He jumped at the rough thumb over his—over where the Dark Mark used to be. It had faded now to be almost invisible. The brown thumb over top stood out more than anything.

He thought of her like Narcissa, a frantic woman seeking her son. He laid a hand over hers, squeezing once timidly before trying to slide it off. Grace caught onto his wrist, now palm flat against his brand, refusing to budge. Severus grunted and when the two of them started wrestling by the fridge, Zinnia grabbed her mother by the arms and forcibly sat her at the kitchen table.

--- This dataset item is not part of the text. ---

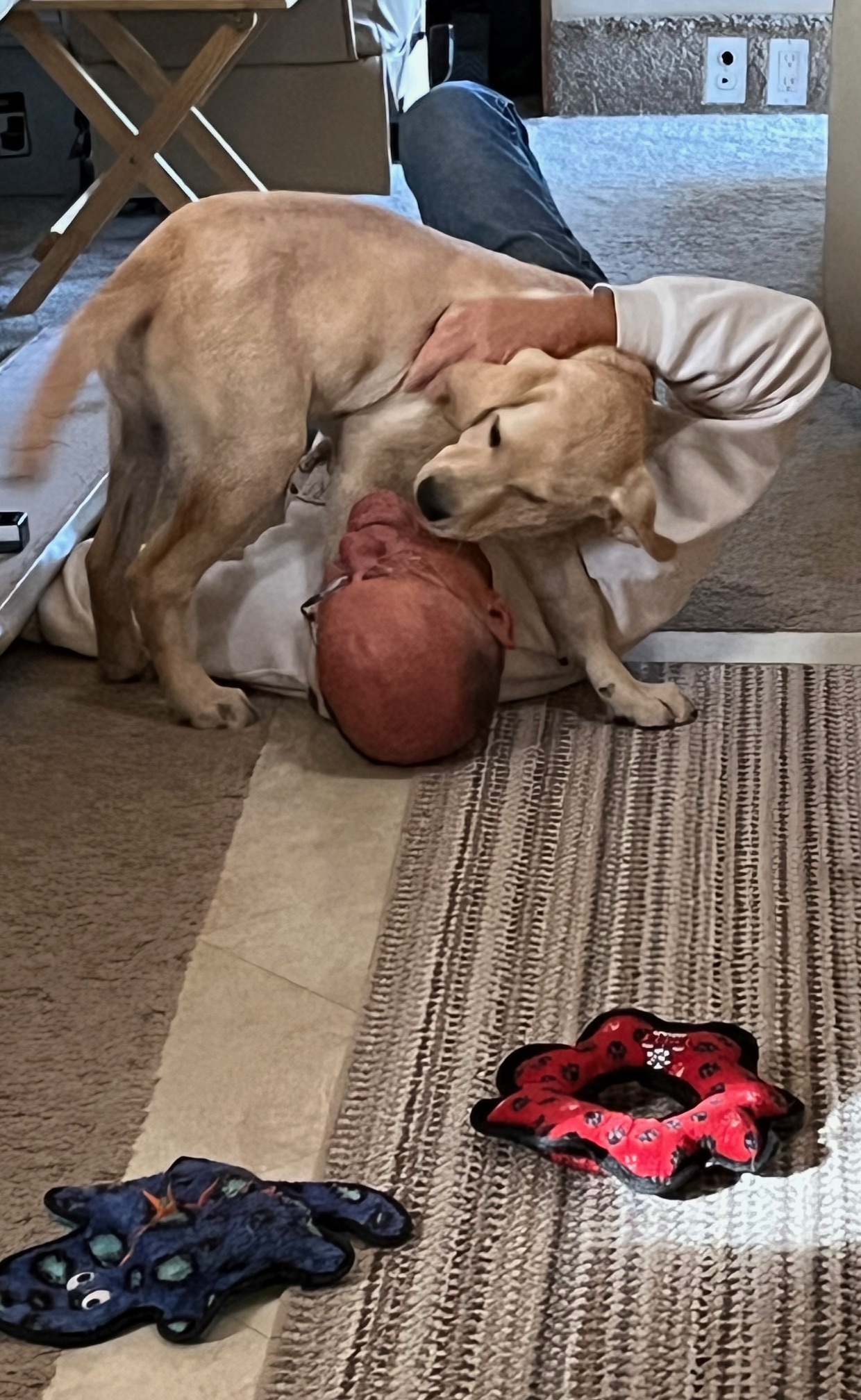 Mostly, he's just being a puppy and enjoying life. That's part of growing into a good adult too. He does love to help vacuum though. Lucky Dave

"Yeah, he hurt people,” Zinnia declared, “So did the Pope. Geez, you're gettin' more and more like Nan. There's no point in arguin' about a dead man.” She pulled out a chair for herself and plunked down with a gusty sigh.

"It's done! Quit pickin' at it."

Grace started to explain, when the front door squealed and slammed shut. Small rubber soles slapped up the hallway, light pants preceding Grace's youngest child into the kitchen. The girl appeared, winded, stopping just at the threshold so abruptly she nearly spilled over.

"Fred!," the girl gasped.

"What happened?," Zinnia prompted. "Why ain't he with ya?"

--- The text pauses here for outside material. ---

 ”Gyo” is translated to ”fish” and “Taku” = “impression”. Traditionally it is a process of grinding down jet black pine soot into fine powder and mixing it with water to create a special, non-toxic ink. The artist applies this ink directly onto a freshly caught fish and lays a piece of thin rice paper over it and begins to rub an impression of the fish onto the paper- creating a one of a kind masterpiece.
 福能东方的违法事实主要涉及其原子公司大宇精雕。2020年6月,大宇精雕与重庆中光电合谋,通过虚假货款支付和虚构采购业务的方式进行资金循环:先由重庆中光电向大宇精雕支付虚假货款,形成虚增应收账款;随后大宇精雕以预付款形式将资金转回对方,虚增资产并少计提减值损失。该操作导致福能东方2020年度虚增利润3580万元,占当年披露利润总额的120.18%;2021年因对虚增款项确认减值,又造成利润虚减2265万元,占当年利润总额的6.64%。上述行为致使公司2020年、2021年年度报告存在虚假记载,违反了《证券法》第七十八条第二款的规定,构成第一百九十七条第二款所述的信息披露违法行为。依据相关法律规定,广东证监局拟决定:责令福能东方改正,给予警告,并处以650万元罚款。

Rain trickled down the girl's chin and onto the floor. Severus' lip curled, welcoming this irritation over the onus of sentimentality. He didn't let Zinnia's immediate concern faze him. He knew firsthand how protective she was of that yeti. Still he tuned in to the girl's reply, only meaning to be curious:

"He's,” more panting, At the park! Fighting a pervert!"

"What!?" Grace was back on her feet, running for the knife block. She pulled a blade from the slotted wood with a hard scrape and spun back to face the little girl, who nodded vigorously.

"Quick, where's the park!?"

"Wait!,” her daughter cried at her mother crossing the cramped kitchen in a leap. “He says he's magic!"

"Rev—!" But Zinnia saw something in Severus' demeanor that gave her pause.

She and her mother carried on the pause and then each shook her head at the state of him. Zinnia dashed from the table, thumping down the basement steps. Severus rose to his feet as she returned, a sickeningly familiar bat in hand, as well as a fistful of his dirty clothes.

She threw the clothes at him, which he caught against his chest.

"I meant to say earlier, you left these in the hall bathroom. Wash 'em, they stink." Then she followed her mother and sister as the girl led them out into the street.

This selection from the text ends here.